The UN Under-Sectretary-General for Humanitarian Affairs, Mark Lowcock, visited the Democratic Republic of the Congo (DRC) this week for the first time. Following meetings with internally displaced persons, Lowcock underscored that the DRC is the site of one of the most devastating humanitarian crises in the world today. A year after his term ended, Congolese President Joseph Kabila is taking increasingly desperate steps to cling to power, as his country sinks ever deeper into chaos. Millions of people in the DRC and neighbouring countries have been displaced from their homes, a desperate narrative played out against a backdrop of warring militia groups, famine, cholera, and sexual violence.
Under Kabila’s increasingly disastrous leadership, the DRC is faced with such myriad problems—each individual issue on its own would be serious enough to merit an international relief effort—that it is difficult to envision how to begin tackling the beleaguered nation’s challenges.
The deadliest of these problems are old ethnic enmities which have been rekindled as tensions rise throughout the country. The dormant conflict between the Hema and Lendu communities—who were locked in a bloody war from 1998 to 2003 which killed thousands of people—has reignited, with disastrous results. Congolese citizens are fleeing the country in such numbers that aid agencies in neighbouring nations are struggling to cope. In one week alone in February, almost 7,000 Congolese fled to Burundi, while 1,200 escaped into Tanzania. It has been Uganda, though, that has borne the brunt of the refugee exodus, as people escape from a place where, in the words of one man who had lost his entire family, ‘people are being killed and slaughtered like animals’. According to a New York Times analysis of active-fire data from NASA, whole Congolese villages are being razed to the ground as part of a ‘scorched earth’ policy, meaning that even if these refugees wish to return home, they may no longer have one to go back to.

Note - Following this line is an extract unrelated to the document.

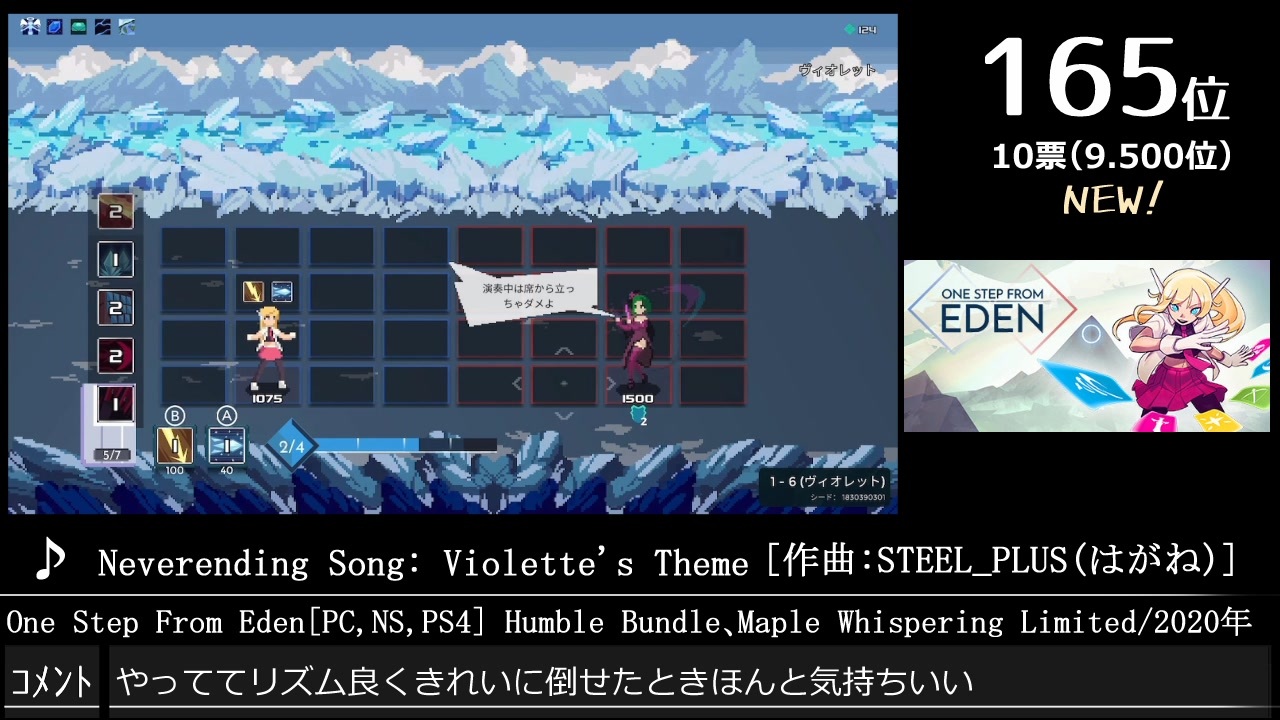1.22…で頂いたやつに合わせてみたり<br><br><s>第15回、投票受付中!↓※5月1日~8月1日迄<br><a href="https://jbbs.shitaraba.net/bbs/read.cgi/music/25545/1651330742/" target="_blank" rel="noopener nofollow">https://jbbs.shitaraba.net/bbs/read.cgi/music/25545/1651330742/</a></s><br>---------------------------------<br><s>スクリーンショット大募集!<br>詳しくは下記投稿フォームのご案内やスクショ状況スプレッドシート等をご確認下さい<br>↓<br><a href="https://ws.formzu.net/dist/S9500351/" target="_blank" rel="noopener nofollow">https://ws.formzu.net/dist/S9500351/</a></s><br><br>投票結果はこちら<br>↓<br><a href="https://w.atwiki.jp/gamemusicbest100/pages/9526.html" target="_blank" rel="noopener nofollow">https://w.atwiki.jp/gamemusicbest100/pages/9526.html</a><br><br>ご質問等ある際はこちらのページへコメント下さいませ<br>↓<br><a href="https://arutoneriko2.hatenablog.com/" target="_blank" rel="noopener nofollow">https://arutoneriko2.hatenablog.com/</a><br>---------------------------------<br><a href="https://www.nicovideo.jp/watch/sm40722621" class="watch">sm40722621</a>←Part34|今回|Part36→<a href="https://www.nicovideo.jp/watch/sm40766946" class="watch">sm40766946</a><br> 3票ランク外new→<a href="https://www.nicovideo.jp/watch/sm40535893" class="watch">sm40535893</a><br> 1位1票①→<a href="https://www.nicovideo.jp/watch/sm40454247" class="watch">sm40454247</a> <a href="https://www.nicovideo.jp/mylist/50993049" target="_blank" rel="noopener">mylist/50993049</a>

Even neutral onlookers are getting dragged into the conflict in the east of the country, with Tanzanian aid workers and gorilla conservationists becoming collateral damage. Insurgent rebel groups, such as the Allied Democratic Forces (ADF), are capitalising on the chaos in the country to further their own ambitions, which include driving peacekeeping forces out of the region. Indeed, the situation is so grave that the Catholic Church, highly influential in the DRC, is now warning that the country could very easily spiral out of control and face “either a civil war or a genocide”.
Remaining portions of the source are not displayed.